I would like to ask a question about the best way ...
# compose-desktop
a
I would like to ask a question about the best way to mutate your data with Compose. I am writing my font editor with Compose desktop. It has a hierarchical object model like in the image. So I have a bunch of mutable data classes that serialize to JSON. Additionally, I want to have features like being able to undo/redo. So far how I've implemented it is, mutable classes but with special setters and observable collections that keep track of changes and store them in the parent "glyph" for glyph-level undo. Is this how it should be implemented in Compose?

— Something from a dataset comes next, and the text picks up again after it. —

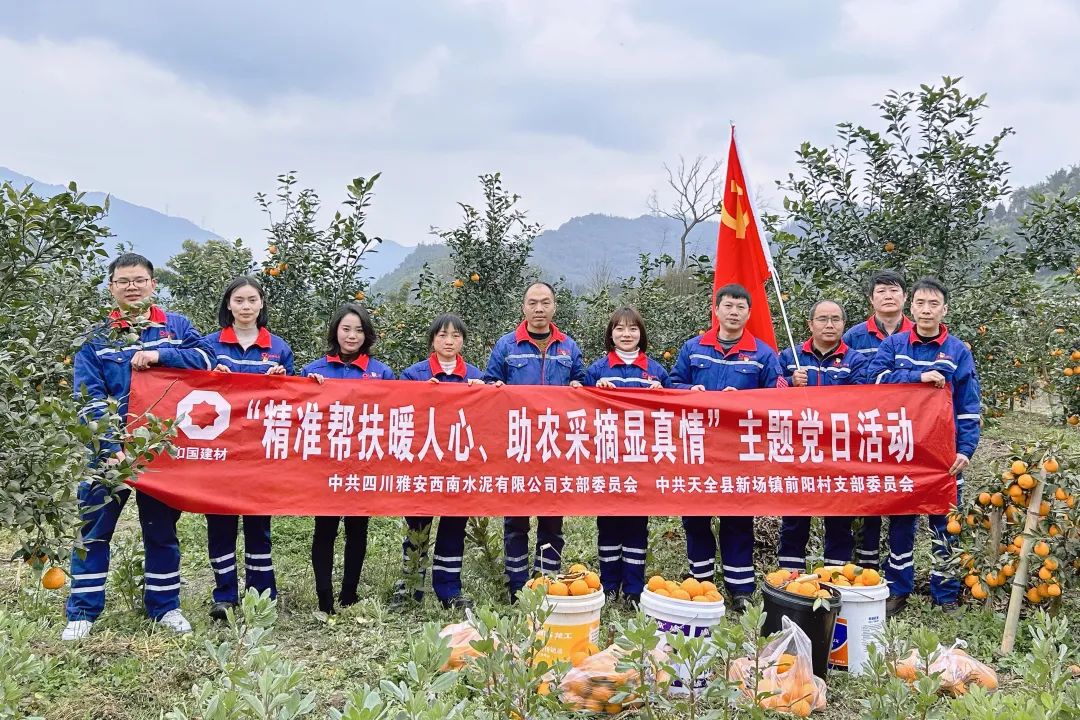 四川雅安西南水泥党支部组织党员到天全县新场镇前阳村开展“精准帮扶暖人心  助农采摘显真情”主题党日活动,帮助当地村民采摘黄果柑1000余斤。

Or is it more native to use like immutable data structures or some other way? Appreciate y'all opinions.
c
Just in general, Compose doesn’t play the nicest with mutable classes, and undo/redo will be difficult to implement if you’re modifying those properties directly. It’s best to use all immutable models to make sure any changes get updated in the Compose UI correctly. There are basically 2 ways to implement undo/redo functionality: State-based, and command-based. This article does a decent job of explaining the these two concepts and showing code snippets in JavaScript. I actually just released an experimental feature for my Ballast MVI library today which adds state-based undo-redo functionality automatically in version 2.2.0. The MVI pattern gets you writing your UIs in a manner where you already have both your “commands” and “states” explicitly described and managed for you by the library, and this new feature plugs into that process to track the changes necessary for undo/redo. You can view the documentation here, play with an example, join us over at #ballast for help getting started using Ballast or learning how to use this new feature.
d
If you have a mutable tree of data you need to have a way to communicate to the UI that the underlying data has mutated and to recompose. That's not a big deal accept for changes to the data tree happening in parallel and in a non atomic fashion. Mainly I am concerned about changes to lists while they are being read. You will get an exception for that.
The order of operations is this: 1. Perform an operation on the tree. 2. Emit a copy of the tree as an immutable object. 3. Repeat.
a
ya I just implemented a tree composable and basically did that ^^^, I've got a mutable tree data structure, but it emits an immutable copy of the tree for compose to consume
a
Thanks guys. @dewildte @Adam Brown In my case the tree can be quite large... a font can have up to 65K glyphs, and then each glyph has path and points - does the immutable copy copy everything on every change?
a
yup, sure does
a
Actually, I guess if I do Glyph level undo I could only do a copy of the glyph, and use kotlin immutable collections to reuse parts of the tree (https://github.com/Kotlin/kotlinx.collections.immutable)
a
on the compose side of things, the rendering is done using a lazy list, so thats fine, but the data is fully copied
a
@Adam Brown, gotcha, does it mean I need 2 types of the data? Like, Glyph and ImmutableGlyph and compose displays the immutable glyph?
a
thats what i have
well i have TreeNode, and ImmutableTreeNode
the actual data that the nodes point to is different
d
When would ever have 65K items visible?
a
no
my max is probably in the hundreds
d
Or existing in memory all at once?
a
yes exist in mem together though
d
Why in memory?
Can you not use a database?
a
the tree nodes are probably simple/small enough to have all 65k loaded at once
in my case the data they point to is a bit larger
no database in my use case, it's representing file system items
a
@dewildte They would not be visible all at once, but they're displayed in a scrollable list
d
65K+ mutable lists lol
c
An interesting ksp library, kopykat could make it easier to maintain your models. Just write them all as immutable, and you’d only need to consider them as mutable when making the changes to them. 65k glyphs is probably a bit much to hold in memory all at once. Even if not technically too large to fit in memory, it might just be a bit cumbersome to work with all that data at once memory, consuming more RAM and making the processing slower than it needs to be. What you might do instead, is when opening the font, first parse the file and cache it all in a local database of some kind. You than then query/page that database for displaying in the UI, and you could update glyphs one-at-a-time just by modifying the db record for it. And then in the background, you have it periodically writing that local DB cache back to the font file
a
whoa, thats a cool library, thanks for sharing!
d
I love how they spoke about the Optics library at the bottom.